Doesn't Musk want all that valuable Wall St. analysts to help guide him to profitability?
</sarcasm>
 
Not true of course.

CNBC speaks to SpaceX president Gwynne Shotwell

Shotwell at 1:00: "We are profitable. We've had many years actually of profitability. The years that are financially rough for us are the years where we have had issues [like the launch pad explosion] 2016 and 2015 as well."

Profitability alone doesn't say much in a privately held, capital intensive business.

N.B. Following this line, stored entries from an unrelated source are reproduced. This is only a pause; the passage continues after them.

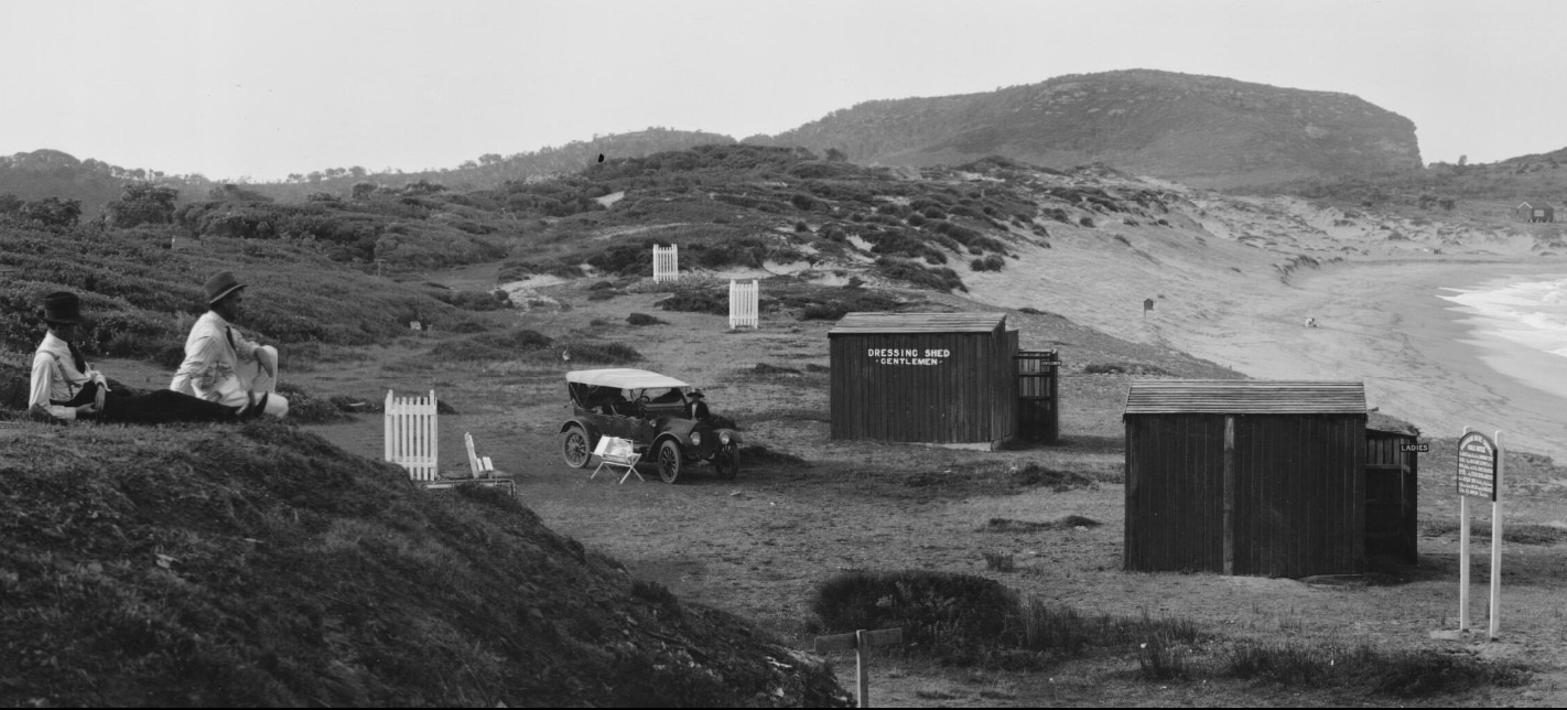 'Panorama of beachgoers at Avalon Beach', New South Wales, ca. 1925 section enlarged to show dressing sheds on Avalon Beach at this point in time. The beginnings of Norfolk Pines, planted by A J Small are in the white wicker tree guards. Image No.: nla.pic-vn6217968 by EB Studios, part of the Enemark collection of panoramic photographs, courtesy National Library of Australia Retrieved from http://nla.gov.au/nla.obj-162503014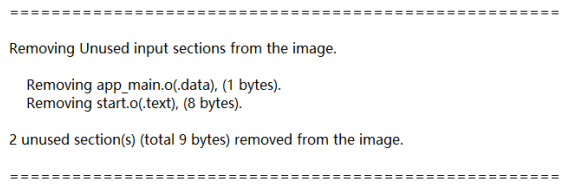 上图中最后一行信息:“2 unused section(s) (total 9 bytes) removed from the image”。表示总共有2段内容没有被调用,大小9字节。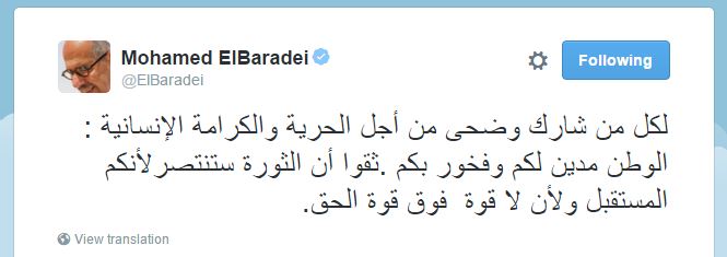 وقال البرادعي في تغريدته: “لكل من شارك وضحى من أجل الحرية والكرامة الإنسانية: الوطن مدين لكم وفخور بكم.. ثقوا أن الثورة ستنتصر لأنكم المستقبل ولأن لا قوة فوق قوة الحق”.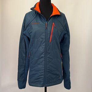 This high-performance greyish dark blue jacket is designed for demanding outdoor activities like mountaineering, climbing, hiking, camping, and backcountry touring, especially in cold and varying conditions. Approximate flat measurements; length 26”, armpit to armpit 20”, sleeve length 25”

How the owners perceive ROI is what matters.
 
  • Funny
Reactions: Brando
I listened to the podcast version of the OP and thoroughly enjoyed it.

Elon Musk vs. Short Sellers - Interview with Professional Trader Jesselivenomore (07.04.18) - TechCast Daily

However, one thing that surprised me was that Jesse or Rob Maurer seems unaware of Matt Taibbi !! Have you not heard of the Goldman Sachs being referred to as the Vampire Squid? IMHO, he wrote a financial article with the most memorable first paragraph takedown of a Wall st bank. LOL

The first thing you need to know about Goldman Sachs is that it’s everywhere. The world’s most powerful investment bank is a great vampire squid wrapped around the face of humanity, relentlessly jamming its blood funnel into anything that smells like money.

The Great American Bubble Machine – Rolling Stone
 
Big oil (Russia, US), big auto (US, Europe), labor unions (US), financial markets? Tesla is very disruptive to the status quo.

Sorry, that’s to general and probably without any proof. Chris mentions Einhorn and points attention to the strange timing from Moody. Still interested which 90% are really pushing the button. And i suspect Chris is right that those are not the people who make the most noise! Question remains: who are they?
 
I listened to the podcast version of the OP and thoroughly enjoyed it.

Elon Musk vs. Short Sellers - Interview with Professional Trader Jesselivenomore (07.04.18) - TechCast Daily

However, one thing that surprised me was that Jesse or Rob Maurer seems unaware of Matt Taibbi !! Have you not heard of the Goldman Sachs being referred to as the Vampire Squid? IMHO, he wrote a financial article with the most memorable first paragraph takedown of a Wall st bank. LOL

This is a great podcast and explains well what is happening and what kind of manipulation is happening from Chanos and larger hedge funds investing. For me this should be regulated as its a form of fraud of investors.

Also, it resonates very well with Elons Twitters notes from today about CNBC and Johnson.